Thousands of women and children at Shahdara, Baghbanpura, Sahuwari Jora Pir Colony near Pakistan Mint, around the shrine of Hazrat Madhu Lal Hussain, Kot Lakhpat, besides Muridke, Kamoke, Ferozwala, Kot Abdul Malik and Kasur used to earn a livelihood by making kites at home but now they are sitting idle because of the ban.

“Kite-making alone had been providing livelihood to more than 150,000 people in Lahore and its suburbs besides 180,000 in Gujranwala and Kasur districts. Most of these artisans are now facing difficult times,” says Khwaja Nadeem Saeed Wayeen, the chairman of All Pakistan Kite Flying Association and one of the founders of Basant Festival in Lahore.

“We have proposed to the Punjab government to establish a ‘kite city’ outside the limits of Lahore but have yet to get a positive response. The Basant Festival had also helped to improve the soft image of Pakistan abroad. Instead of taking concrete measures to prevent tragic incidents, the kite flying festival has been banned,” he lamented.

For most traders of the Walled City, especially in markets around Mochi Gate, Basant was a sort of economic feeding frenzy that used to sustain them throughout the year. The same is the case with the then Guddiwali Market and streets surrounding Madina Market of Pakistani Bazaar in Baghbanpura. While traders of the Mochi Gate markets have started selling roasted grams, dry fruit and ‘beid’ (sweets and dried dates distributed after Nikah ceremony), toys are now sold at the Guddiwali Market.

However, the skilled labourers involved in the preparation of twine are not fortunate enough to find alternative employment. People like tani laganay wala (who spreads thread around wooden spikes on poles or adda), laivi or tunposh karnay wala (who fixes glue to thread), dor laganay wala (who adds crushed glass to the thread) and the charkha or pinni lapaitnay wala (who folds the twine) are unable to find a regular source of income.

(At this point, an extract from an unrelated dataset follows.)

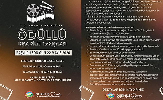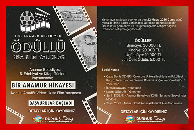 Anamur Belediyesi 6. Kitap Günleri etkinlikleri kapsamında düzenlenecek, Kısa Film Yarışması’na katılabilir, büyük ödülün sahibi olabilirsiniz.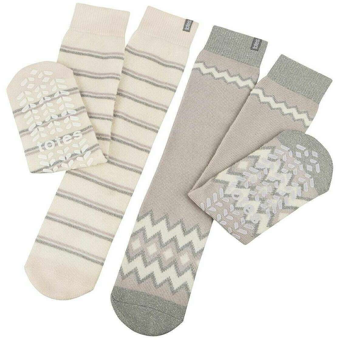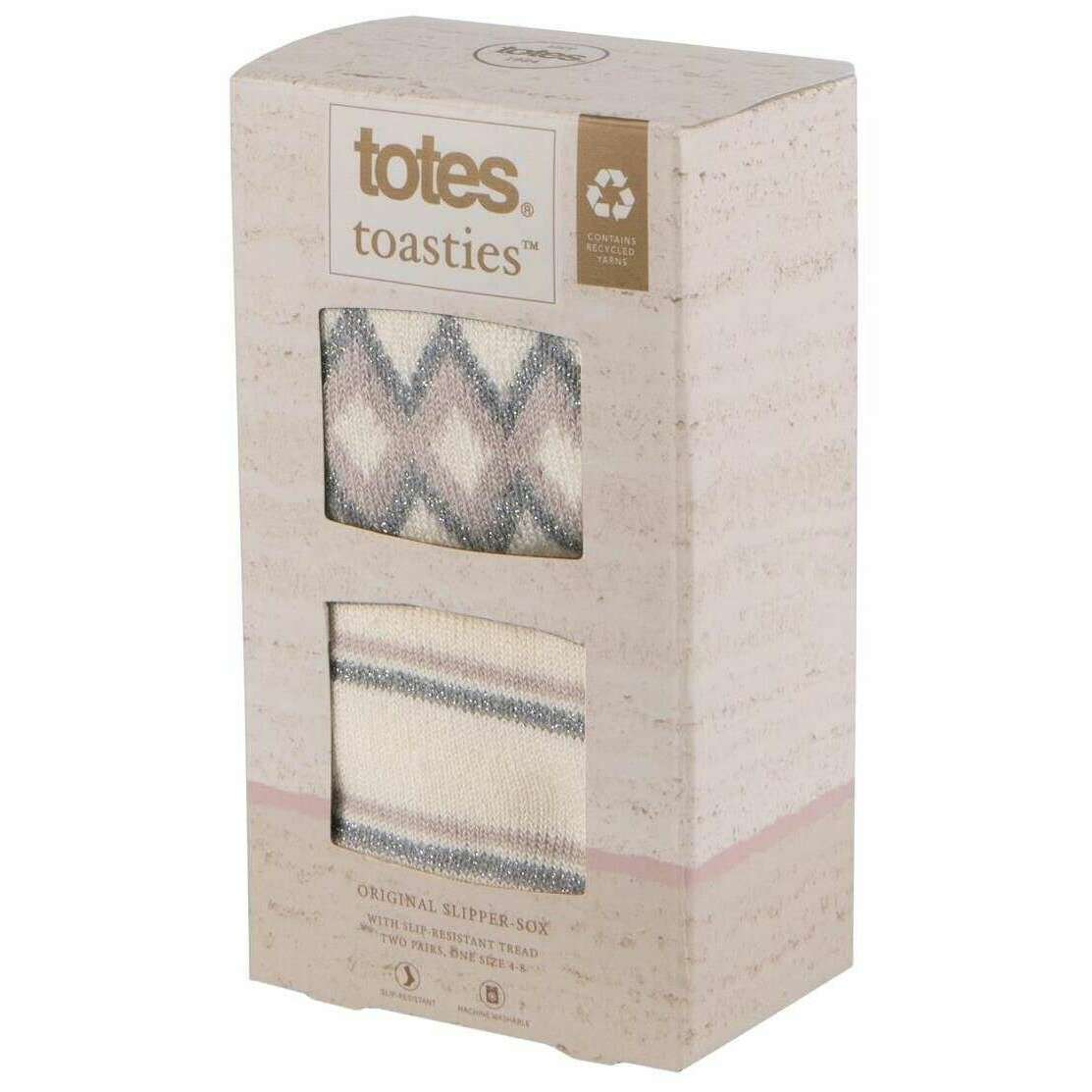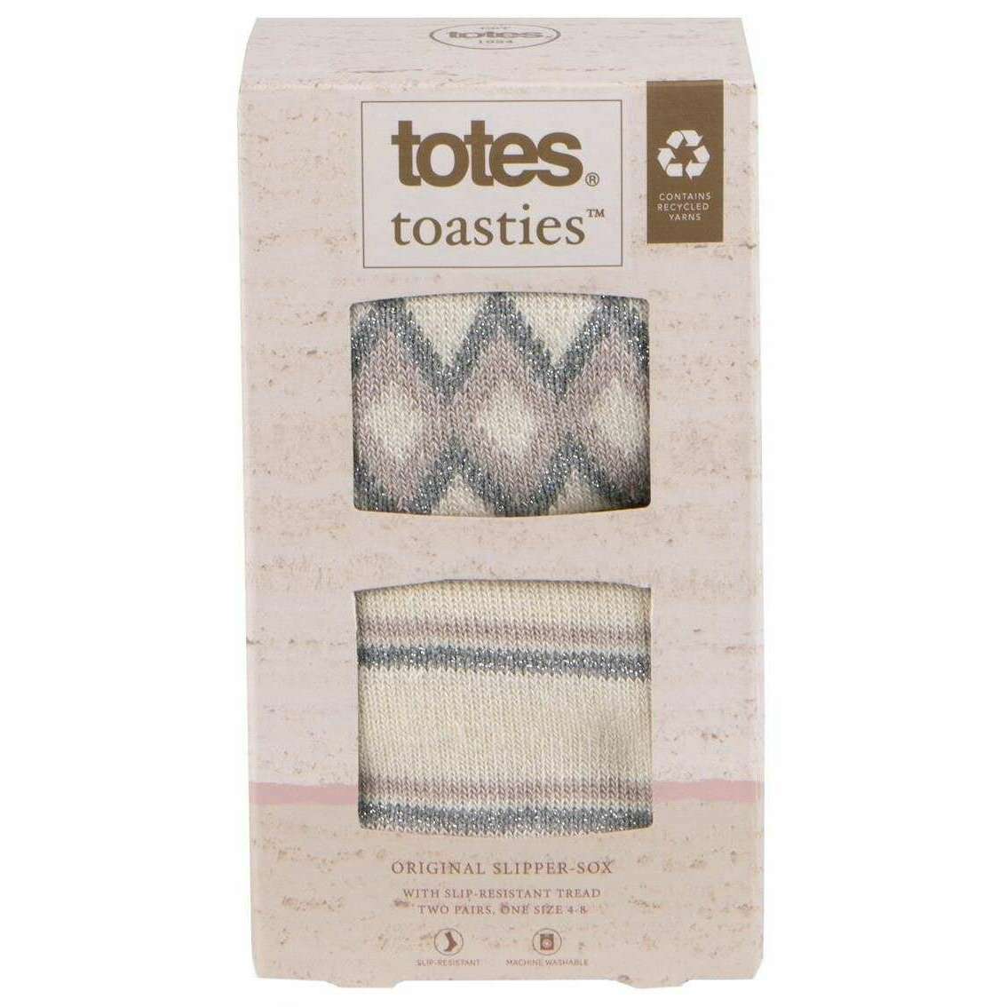 Totes Toasties 2 Pack Original Slipper Socks - Fairisle/Plain Beige

It was difficult to get a room at any hotel of the Punjab capital during the kite-flying season. Multinational companies would book the roof-tops of the big hotels in advance and would invite foreign diplomats to the festival. “Basant was the distinctive feature and the biggest festival of the city with people from all over the country and abroad thronging Lahore,” recalls a senior official of a major hotel on The Mall.

A tour operator on Davis Road said that the festival had also been instrumental in promoting tourism industry in the country. A number of foreigners used to go to Murree and even Northern Areas after enjoying Basant.

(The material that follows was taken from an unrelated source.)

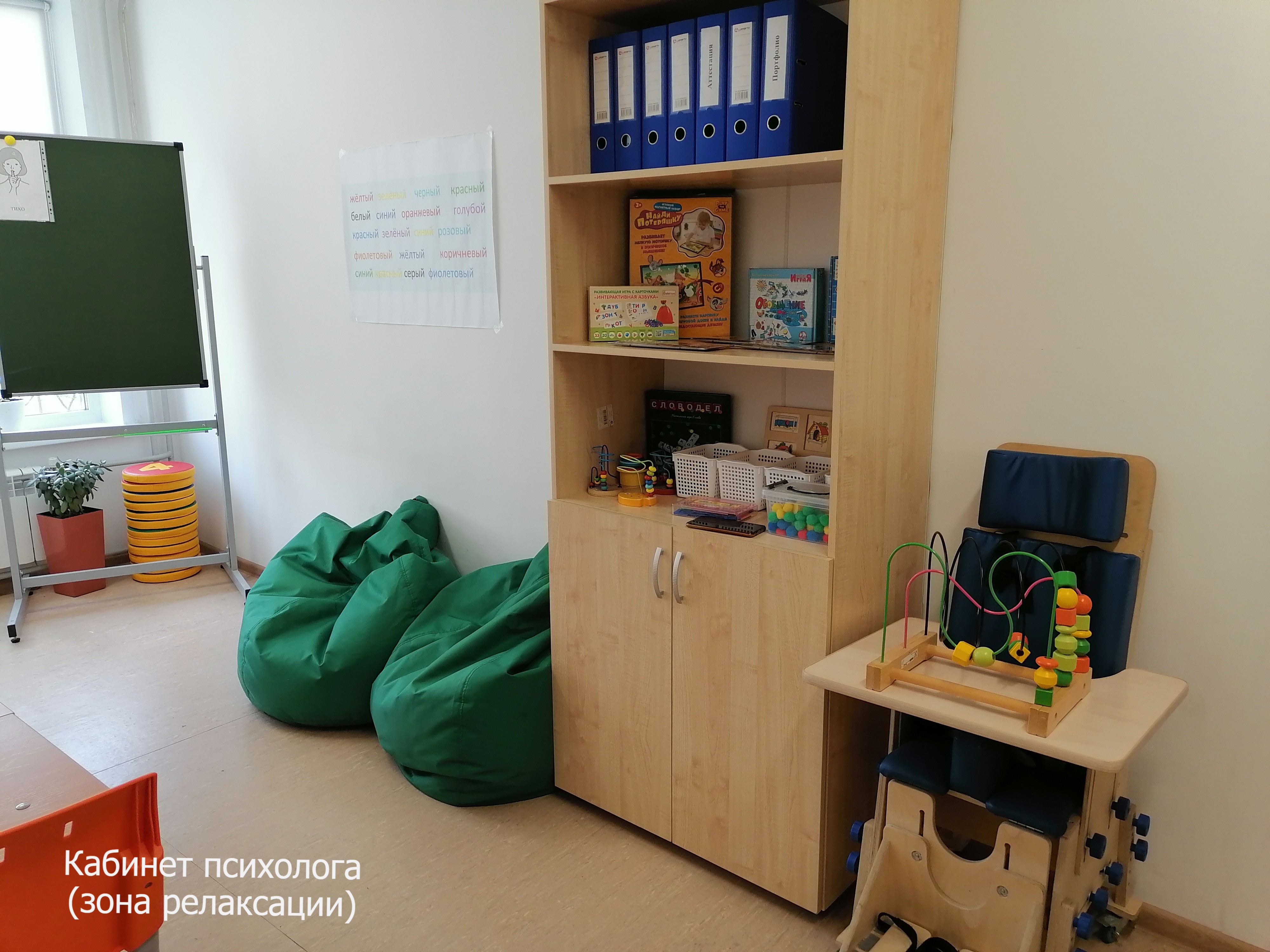 В кабинете оборудованы места для отдыха и релаксации обучающихся: предусмотрены мягкие кресла-мешки, аудиовизуальное оборудование с функцией светомузыки, утяжелённое одеяло для аутичных детей модели «Сова», а также специальное кресло-«яйцо».
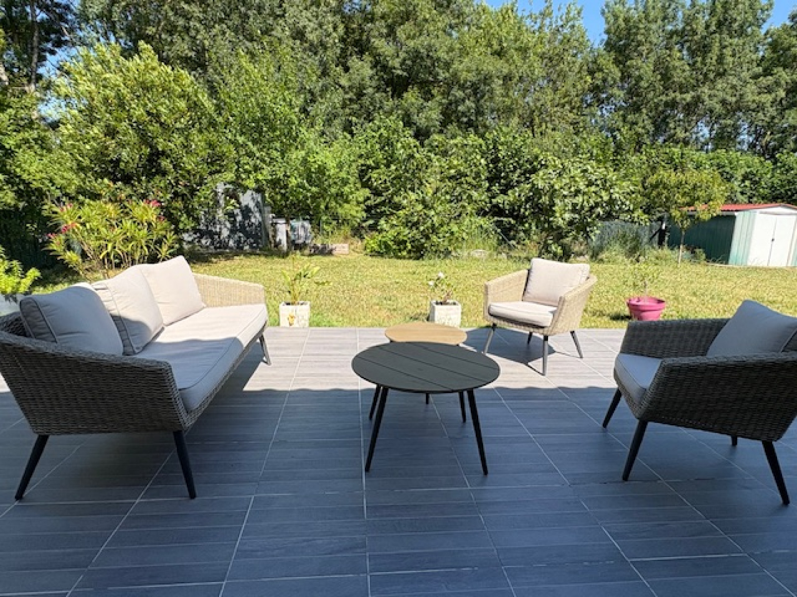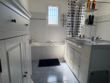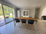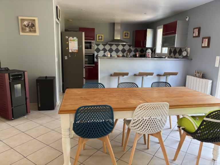 Nord Rochefort, la Mauratière, pavillon de plain-pied d'env 95 m² type 4 composé d'une entrée avec placard, wc, un salon + séjour, grande cuisine ouverte aménagée et équipée (nombreux rangements, hotte, plaque induction, four, lave-vaiselle), couloir desservant une salle de bains et trois chambres. terrasse, jardin et garage - Poêle à granulé - Abri de jardin - Disponbile le 25/06/2026 - Loyer : 1 250€ - un mois de dépôt de garantie 1250€ - Frais d'agence 375€ TTC (état des lieux inclus)

Bakers or naanbai near Ichhra, Bhaati and Lohari gates, Wahdat Road, too strongly supported holding of Basant. Like the hotel industry people, they would not disclose their income during the two-day festival but said it was considerable and enough to make their lives a bit more comfortable. “We did not have time to take a nap during Basant,” said an Ichhra naanbai. Drummers too are among the affected lot of the ban on the kite-flying festival like electricians, cooks and people in the catering business besides the painters and billboard makers.